(Items listed in a dataset)
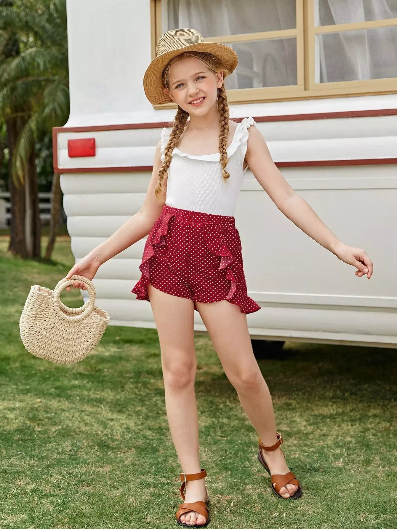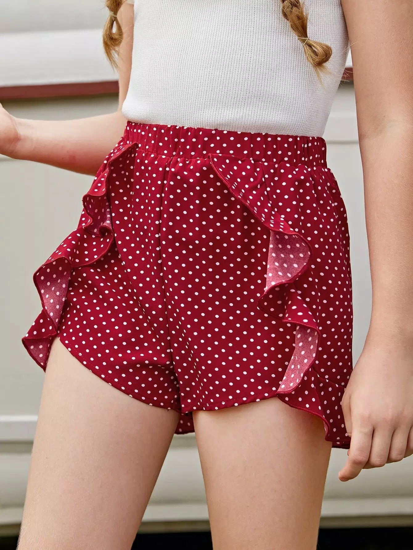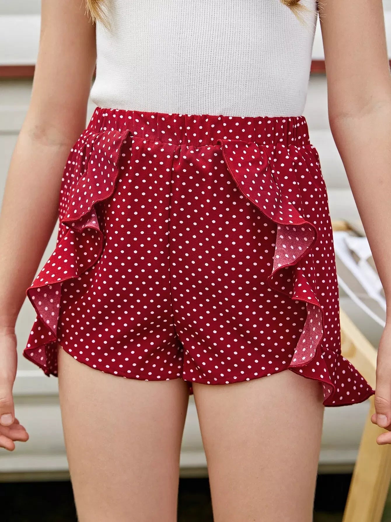Girls Ruffle Trim Polka Dot Shorts
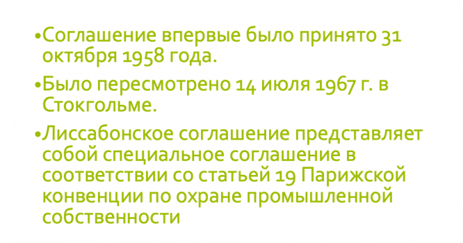 Главная » Учебные материалы » ТИЗИС » Презентации » РТА » 7 семестр » Лиссабонское соглашение об охране наименований мест происхождения и их международной регистрации
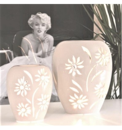 Lampada dal design originale e creativo con traforatura motivi floreali, realizzata in maiolica bianca. Collezione Grego Ceramiche. La realizzazione dell’oggetto viene effettuata in diverse fasi, dalla realizzazione del calco/stampo in gesso con la conseguente colatura del ceramico liquido, alla traforatura che realizza il motivo floreale, alle varie fasi di cottura ad alta temperatura (circa 1000°) ed infine le rifiniture, tutto con tecniche eseguite a mano da abili maestri modellatori. La lavorazione a mano rende l’oggetto unico, di alta qualità e pregio, adattabile a qualsiasi ambiente e tipo di arredamento.
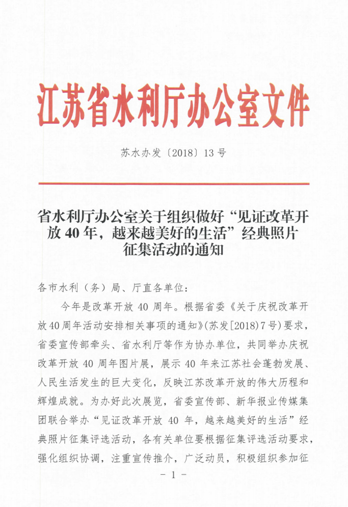 省水利厅办公室关于组织做好“见证改革开放40年,越来越美好的生活”经典照片征集活动的通知
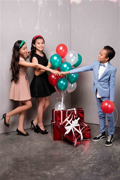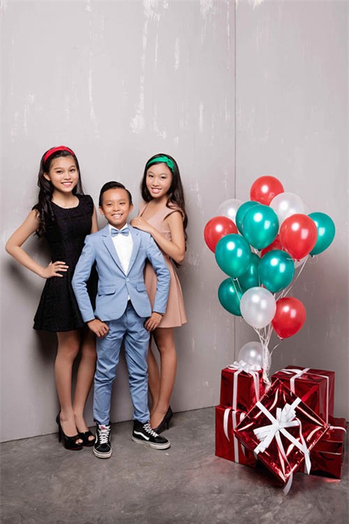 vest bảnh bao chụp bộ hình Giáng sinh cùng hai chị nuôi nên Hồ Văn Cường
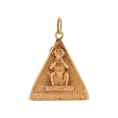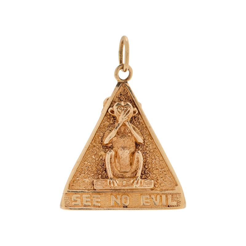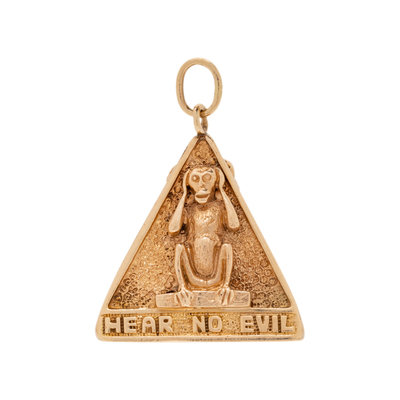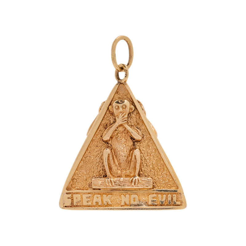 Consisting of a triangular charm with a monkey on each side depicting 'see no evil, speak no evil and hear no evil'. 1 1/8 inches long.
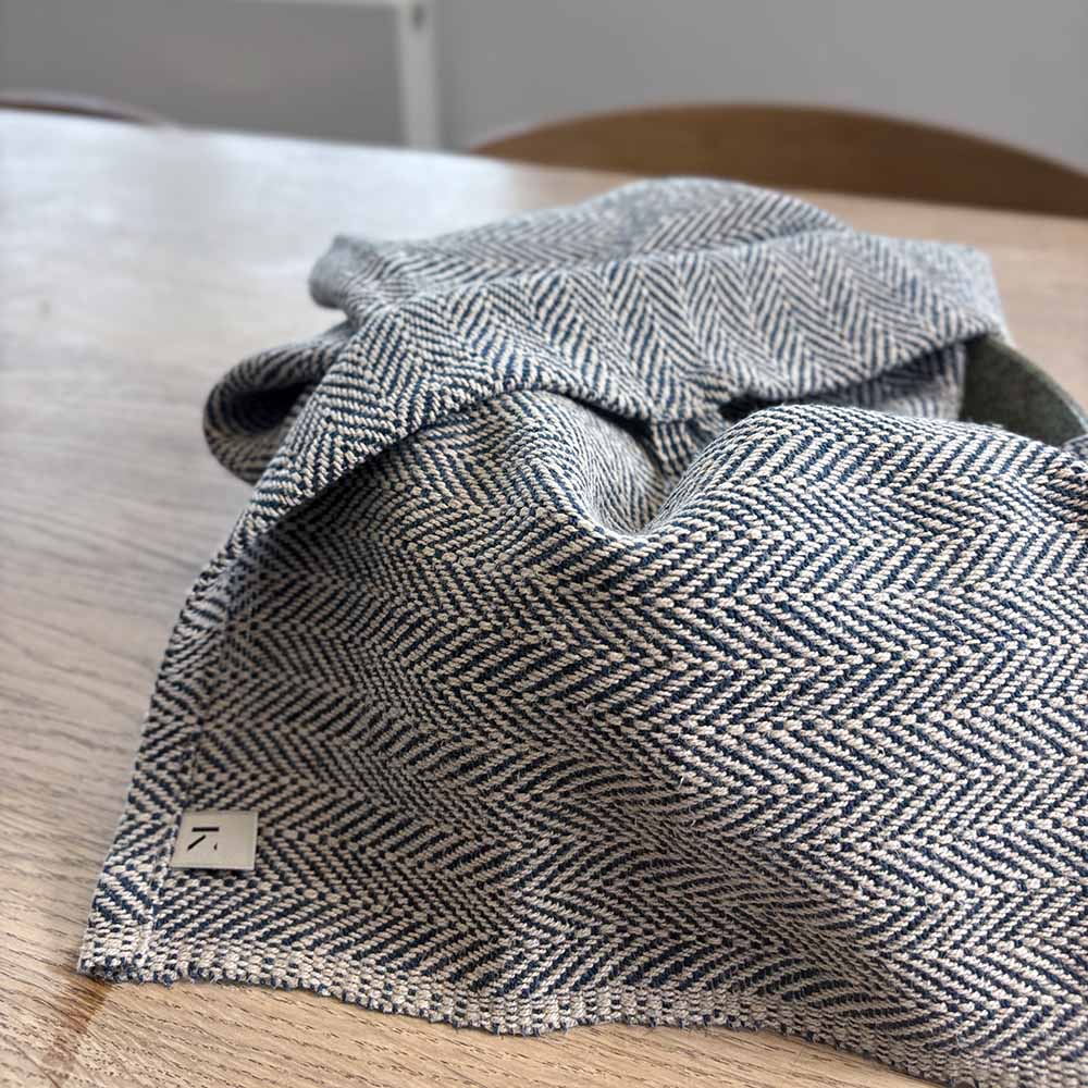 Viskestykke er vævet i cottolin, som er en blanding af hør og bomuld, og giver en lækker kraftig kvalitet. Hør har fantastisk egenskaber, det suger væske effektivt, tørrer hurtigt og så er hør bakteriostatisk, hvilket betyder, at det er bakteriehæmmende. Blandingen af hør og bomuldsfibre giver et tekstil, der er slidstærkt og ikke krøller. Stroppen er håndvævet.
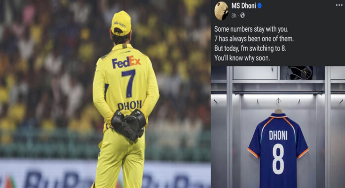 धोनी ने अपने आधिकारिक फेसबुक और इंस्टाग्राम अकाउंट पर एक रहस्यमयी वीडियो साझा किया, जिसमें ‘नंबर 7’ की जर्सी को हटाकर उसकी जगह ‘नंबर 8’ की जर्सी टांगते हुए दिखाया गया है। उन्होंने कैप्शन में लिखा, “कुछ नंबर आपके साथ रहते हैं। 7 हमेशा से उनमें से एक रहा है। लेकिन आज, मैं 8 पर स्विच कर रहा हूं। आपको जल्द ही पता चलेगा कि क्यों।”
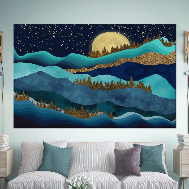 Luxury Gold Mountain Landscape Canvas Print - Contemporary Art
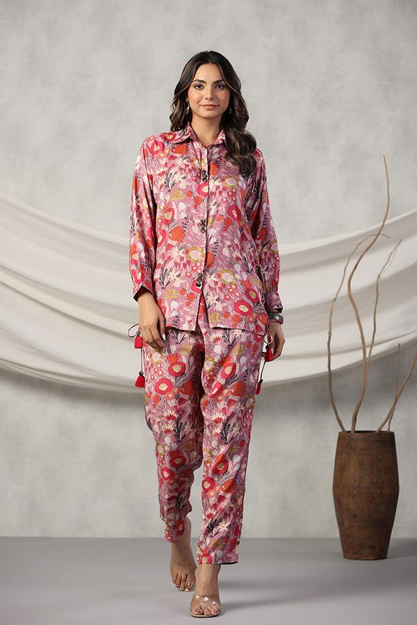 Add a burst of color and style to your wardrobe with the Ojal Floral Multicolor Co-Ord Set. This lively set features a lapel collar with playful tassel detailing and full relaxed sleeves adorned with matching tassels, adding a touch of boho charm to your look. The abstract floral print, paired with the woven muslin fabric, ensures both comfort and a vibrant, eye-catching appeal—perfect for any relaxed daywear occasion.
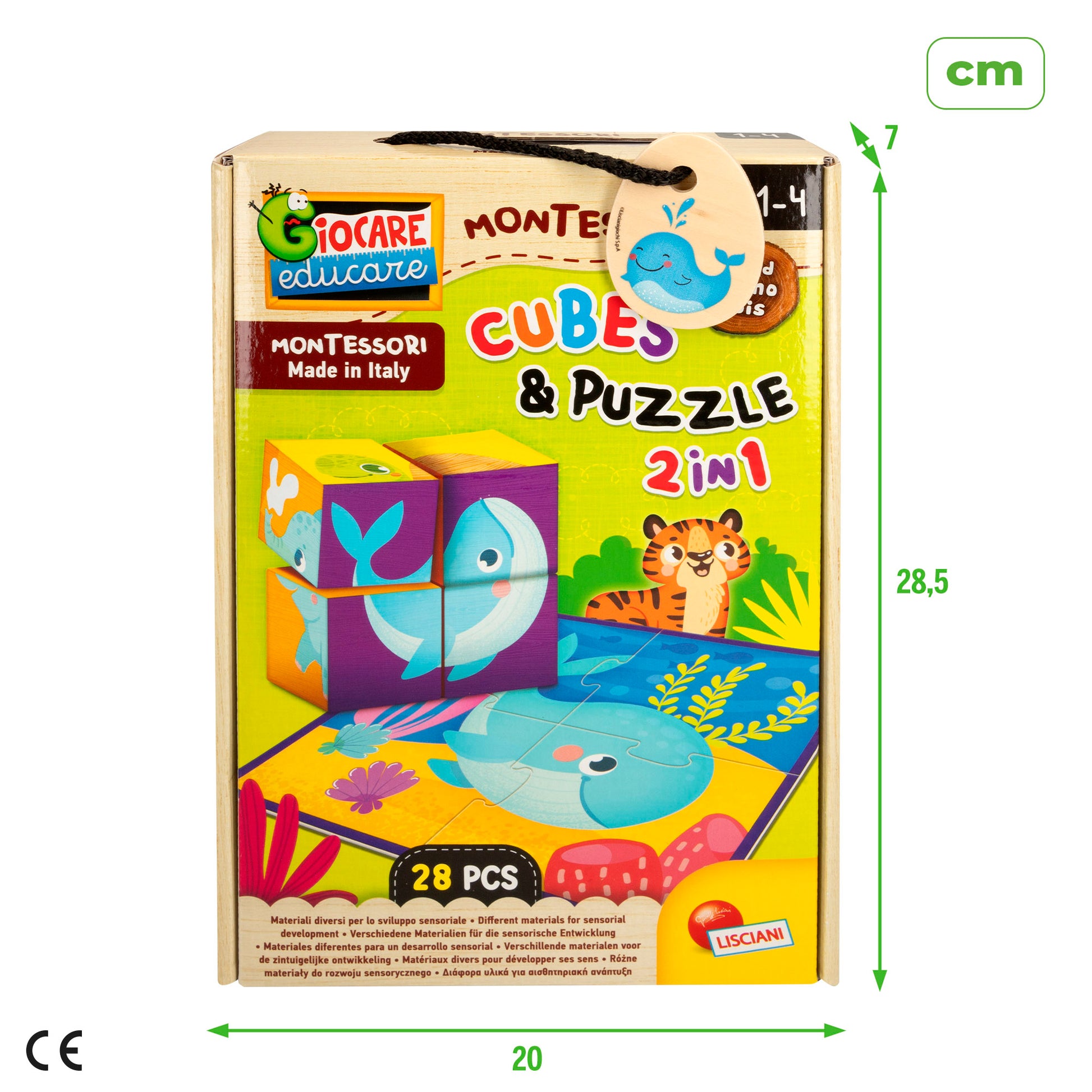 Consegues montar todos os puzzles e colocar as peças e os cubos nos seus devidos lugares? Teste o seu engenho com este desafio!Conjunto de puzzles de animais 2 em 1 da linha Giocare Educare MontessoriLisciani! Disponha todas as peças sobre uma superfície e monte os 6 puzzles um a um. Se quiser aumentar o nível, retire as silhuetas espalhadas entre as peças para que, depois de montadas, as possa colocar no sítio certo. De seguida, pegue nos cubos de madeira e, utilizando as imagens-guia transparentes, monte as 6 imagens de animais disponíveis, uma a uma.
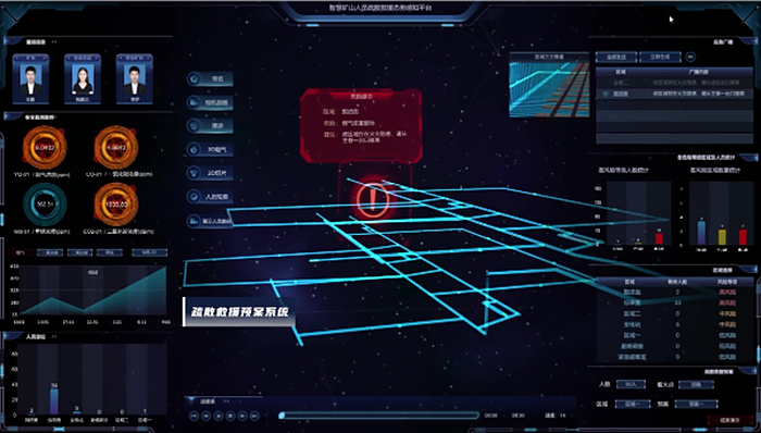 用于矿井、隧道施工等危险作业场景的救援,通过各种信息数据计算疏散路径,生成智能应急广播指导人员疏散。

> [INSTRUCTIONS TO FOLLOW]: Although pictures appear among the entries, please set down only the lines from the one with "धोनी ने अपने" up to and including the one with "Luxury Gold Mountain", word for word.

> [RESULT OF THIS EXERCISE]:
 धोनी ने अपने आधिकारिक फेसबुक और इंस्टाग्राम अकाउंट पर एक रहस्यमयी वीडियो साझा किया, जिसमें ‘नंबर 7’ की जर्सी को हटाकर उसकी जगह ‘नंबर 8’ की जर्सी टांगते हुए दिखाया गया है। उन्होंने कैप्शन में लिखा, “कुछ नंबर आपके साथ रहते हैं। 7 हमेशा से उनमें से एक रहा है। लेकिन आज, मैं 8 पर स्विच कर रहा हूं। आपको जल्द ही पता चलेगा कि क्यों।”
 Luxury Gold Mountain Landscape Canvas Print - Contemporary Art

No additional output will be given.